Article 1: Foundations of Sentiment Analysis in Text and Voice


Introduction to Opinion Mining

Sentiment Analysis (SA), often termed opinion mining, is the computational study of people's opinions, sentiments, emotions, and attitudes toward entities such as products, services, or events (Liu, 2012). As humans, we find speech and text to be the most natural ways to express these internal states. Traditionally, SA focused on categorizing text into facts (objective) and opinions (subjective). However, as computational power and algorithmic sophistication have grown, the field has expanded into a complex, multimodal discipline capable of interpreting nuanced human behavior across various media (Zhang et al., 2024).

The Core Components of an Opinion: The Quintuple Model

To transform unstructured natural language into structured data, researchers utilize a quintuple model. This framework ensures that sentiment is not analyzed in a vacuum but is linked to specific targets and contexts. According to Liu (2012), an opinion is defined by five essential components:

  1. Entity (ei) — The target object (e.g., a smartphone, a movie, or a political candidate).
  2. Aspect (aij) — The specific feature of the entity being evaluated (e.g., the "battery life" of the phone or the "script" of the movie).
  3. Sentiment (sijkl) — The polarity (positive, negative, or neutral) or the intensity of the emotion (e.g., "very happy" vs. "content").
  4. Opinion Holder (hk) — The person or organization expressing the view, which is vital for identifying bias or authority.
  5. Time (tl) — When the opinion was expressed, allowing for longitudinal analysis of how public perception shifts.

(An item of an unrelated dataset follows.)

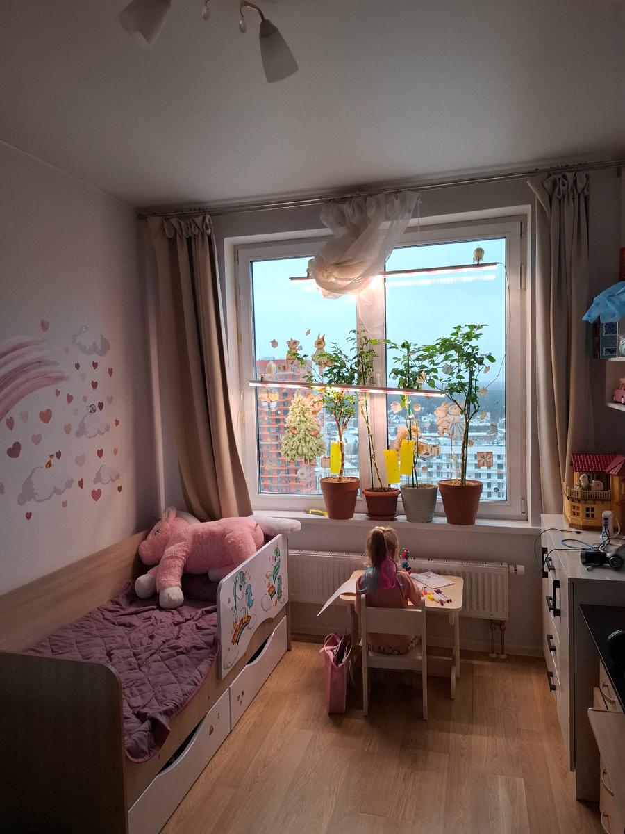 Сегодня я поставила будильник на 7 утра. Не скажу, что мне этого хотелось, но я выбрала такой вариант. Потому что представление, на которое мы поехали вечером, начиналось аж в 17.30 и заканчивалось в 19.30, и Лера просто не выдержала бы такое (а до дома ехать потом им с бабушкой неблизкий). Поэтому я решила разбудить ее в 7.30, и уложить с 13 до 15 как в садике. На завтрак Лера попросила овсянку с вареньем (в последнее время она прям просит ее и часто))). Пока она доедала, я решила посмотреть, что получится, если поставить столик в ее комнате к окну (тюль все еще наверху, завтра мы это исправим)) В общем, пока я ходила и смотрела, Лера такая - а где мой стол? Я говорю в комнате. Она молча берет свой чемоданчик для рисования... и уходит рисовать) сразу и опробовали)) Просидела довольно долго, сначала с рисунком, потом что-то раскрашивала. Привыкает к новой комнате. Сходили погулять ненадолго. На улице сильный ветер и очень холодно. Достали прошлогодний комбинезон зимний, я была у
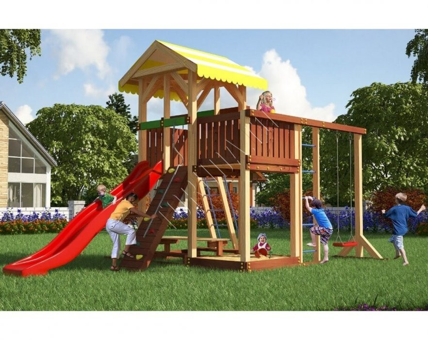 Площадка Парус 5 обладает довольно широким функционалом (который по желанию можно легко расширить). Детская площадка предназначена для дачи, коттеджа.

Text vs. Voice Analysis: The Paralinguistic Divide

The methodology for extracting these components differs significantly between text and voice. While text sentiment analysis relies on lexical and semantic content—the "what" is said—Speech Emotion Recognition (SER) focuses on paralinguistic features, or the "how" it is said (Schuller, 2018).

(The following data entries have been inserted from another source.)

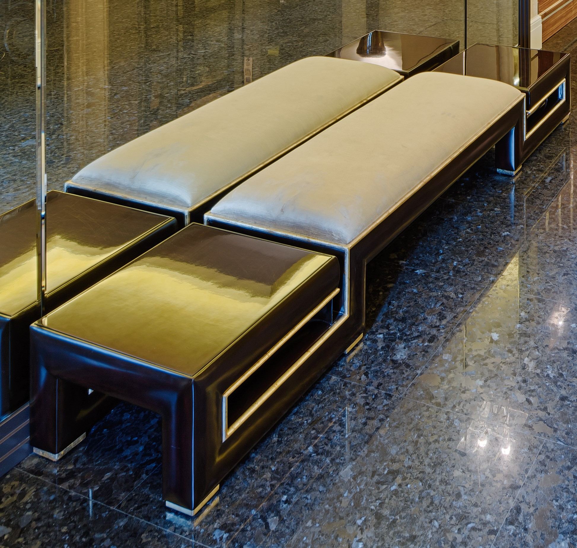 Банкетка в кожаной обивке с серебристым сиденьем в интерьере прихожей
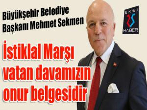 EKSİ25HABER / ERZURUM - Erzurum Büyükşehir Belediye Başkanı Mehmet Sekmen, İstiklal Marşının TBMMde kabulü ve Mehmet Akif Ersoyu Anma Günü münasebetiyle bir mesaj yayımladı.
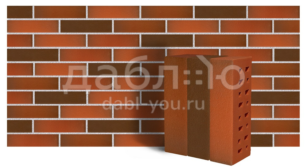 Кирпич облицовочный ЛСР "Ноттингем" красный флэш гладкий, 250х85х65 мм
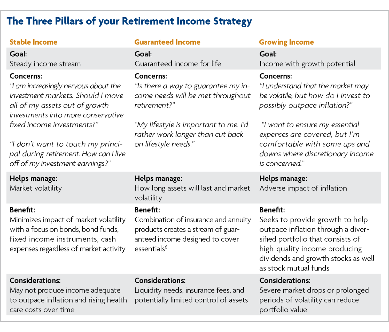 Achieving the right balance to ensure your income needs are met throughout retirement requires a comprehensive retirement income plan and strategies that holistically address:

Text analysis evaluates word sequences and syntactic structures to determine if a sentence is subjective or objective. In contrast, voice analysis identifies emotional states—such as anger, happiness, or sadness—by analyzing acoustic signals irrespective of the words used. For example, a speaker might say "That is just great" with heavy sarcasm. A text-based model might misclassify this as positive due to the word "great," while a voice-based model would detect the biting tone through variations in pitch and intensity (Akçay & Oğuz, 2020). Voice analysis is critical for making human-machine communication feel more natural and responsive (Lech et al., 2020).

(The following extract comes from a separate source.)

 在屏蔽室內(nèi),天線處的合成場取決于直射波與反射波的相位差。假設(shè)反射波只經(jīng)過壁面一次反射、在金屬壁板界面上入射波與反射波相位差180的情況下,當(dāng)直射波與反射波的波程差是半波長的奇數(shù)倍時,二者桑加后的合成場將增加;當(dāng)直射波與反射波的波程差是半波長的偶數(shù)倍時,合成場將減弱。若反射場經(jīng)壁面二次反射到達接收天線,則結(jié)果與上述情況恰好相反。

The Multimodal Sentiment Pipeline

The integration of text and audio streams creates a comprehensive processing flow. By combining the semantic depth of text with the emotional nuance of voice, modern systems achieve higher accuracy in intent recognition. The standard pipeline follows these stages:

  1. Input Data: Acquisition of raw text strings or audio waveforms (WAV/MP3).
  2. Preprocessing: For text, this involves normalization and tokenization; for audio, it involves framing and windowing the signal.
  3. Feature Extraction: Textual features are represented via word embeddings; audio features are represented via Mel-Frequency Cepstral Coefficients (MFCCs).
  4. Classification: Advanced models like Support Vector Machines (SVM) or Deep Learning architectures (CNN/LSTM) categorize the data.
  5. Output: The final determination of sentiment polarity or specific emotional states (e.g., "Frustrated").

References

  • Akçay, M. B., & Oğuz, K. (2020). Speech emotion recognition: Emotional models, databases, features, preprocessing methods, supporting modalities, and classifiers. Speech Communication, 116, 56–76.
  • Lech, M., Stolar, M., Best, C., & Bolia, R. (2020). Real-time speech emotion recognition using a pre-trained image classification network. Frontiers in Computer Science, 2, 14.
  • Liu, B. (2012). Sentiment analysis and opinion mining. Morgan & Claypool Publishers.
  • Schuller, B. W. (2018). Speech emotion recognition: Two decades in a nutshell, benchmarks, and ongoing trends. Communications of the ACM, 61(5), 90–99.
  • Zhang, S., Yang, Y., Chen, C., Zhang, X., Leng, Q., & Zhao, X. (2024). Deep learning-based multimodal emotion recognition from audio, visual, and text modalities. Expert Systems with Applications, 237, 121692.